Pretty. My experience:
I offer my challenge, and (whether by trick or by proxy) one rising to my challenge divides themself in half lipping down either side of my person, rubbing themself on what wood is theirs to find until the stars in their eyes are in pools from their load rippling under my receding steps.
To divide myself the way I must, I study all the dividing plants animals. And still, I fill the full year meeting the tenfold of my promise. The challenger's division mixing with these of my forest. With devotion, and over the stillest pool, I step out from my reflection and depart, beside myself.
We hold hands, I and myself. I walk away from myself, which tears me apart. Where I am half a world away from my other half and look down to find their hand watching the moon rising in mine where the sun rises and in the eclipse of this distance, we fall in either direction, dividing anew.
As four, I stare into my other eyes, looking for what other four lie within. Finding all behind me completely in my view, I qam soon upon what love there is for myself. And cry. With the first breeze strong enough to dry my tears, do I find what I have cried out of my eyes is my own full self.
I am out of time, and I am found.
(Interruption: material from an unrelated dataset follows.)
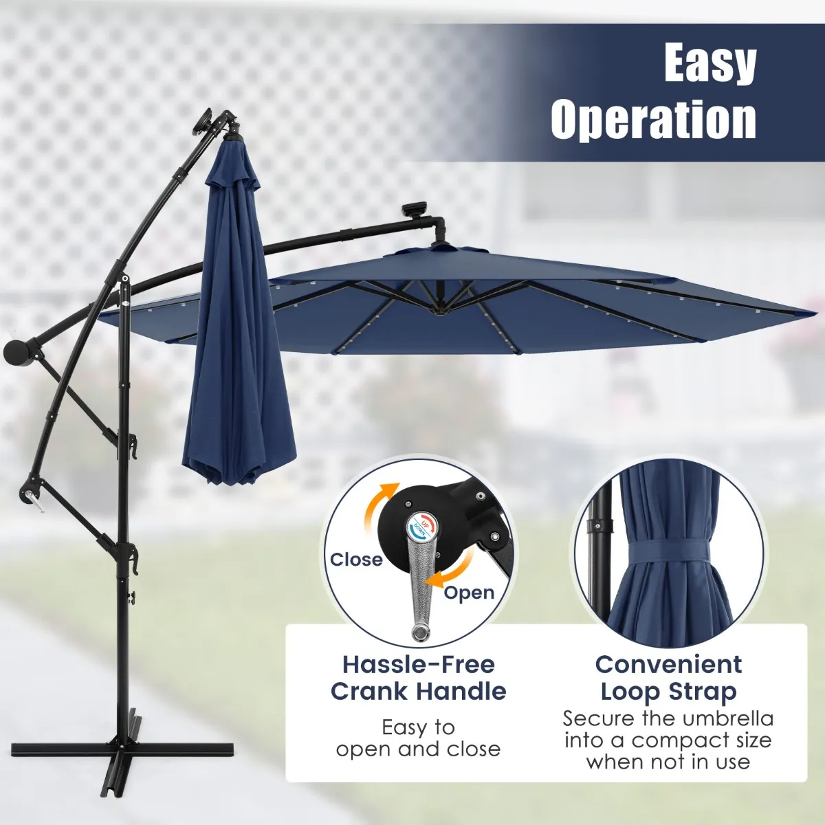 Onze op zonne-energie werkende hangparasol meet 300 x 250 cm en biedt royale 7 m² schaduw, wat voldoende bescherming tegen zonlicht garandeert. De kantelhoek kan eenvoudig worden ingesteld met behulp van de vergrendelingsgreep, zodat de parasol de zon vanuit verschillende richtingen kan blokkeren en altijd een koele schaduwplek creëert. Het belangrijkste is dat hij is uitgerust met 40 lampen en een energiezuinig zonnepaneel, zodat u uw avonden buiten kunt doorbrengen in een warme en uitnodigende omgeving. Bovendien is het dak gemaakt van hoogwaardig polyester dat bestand is tegen lichte regen, zonneschijn en isolatie biedt, waardoor het betere bescherming biedt buitenshuis. Met 8 robuuste metalen ribben en een stevige metalen paal weerstaat hij winderige omstandigheden. Dankzij de praktische draaigreep kan het scherm eenvoudig worden geopend en gesloten door aan de greep te draaien. Deze parasol is perfect voor verschillende buitenruimtes, of het nu uw terras, tuin, zwembadgebied of een andere buitenruimte is die u wilt verfraaien. Opmerking: We raden aan om een verzwaarde voet (niet inbegrepen) te gebruiken om het scherm te bevestigen en zo de windbestendigheid te verbeteren.

I step forward to them, reach my hand out as though to take their own, and in place of theirs, take the hands of my two reflections from their either eye, who find a way beside me as the prior seven selves step out, fill them tenfold, and come, the blow returned.
---
As we lay together - most of me decayed to nurse log, flower, or some other star - I ask my challenger where they found their first division. They looked at me strange: so I didn't know. And they would not speak further of it; and only laughed where I ask again. To each lifeform its own.
I knew of twins. I had not met twins so throughly decayed into a single public life even the stars and fae stopped seeing division. Pure belief flowing from one twin's death, through equidistance, to the other's - bridging as arch as seamless a life as the heart's to its body's own.
Asked to tell this story so often, I am tempted to bury the memory of it. Just to get on with experiences. But something about that bloom, my ten wasted bodies. And that smiling challenger's last gasp. Who slips away into the creek, the rotten limbs, and the rest of my existence.
So I keep the story. As I recount, it must have been a trick of the light. What I saw next could not have actually been this challenger's twin. I was divided in tenths and still trembling from the bloom - hardly witness to anything but my fragment. And yet, I feel a hand of my departed challenger.
The hand - at least as trembling as my own - picking a single flower from my bloom, before vanishing into the forest. A new Moon comes, and with it, the next language for the forest's memories to be written, and, over events of that night, it runs, until anyone's guess is good as mine.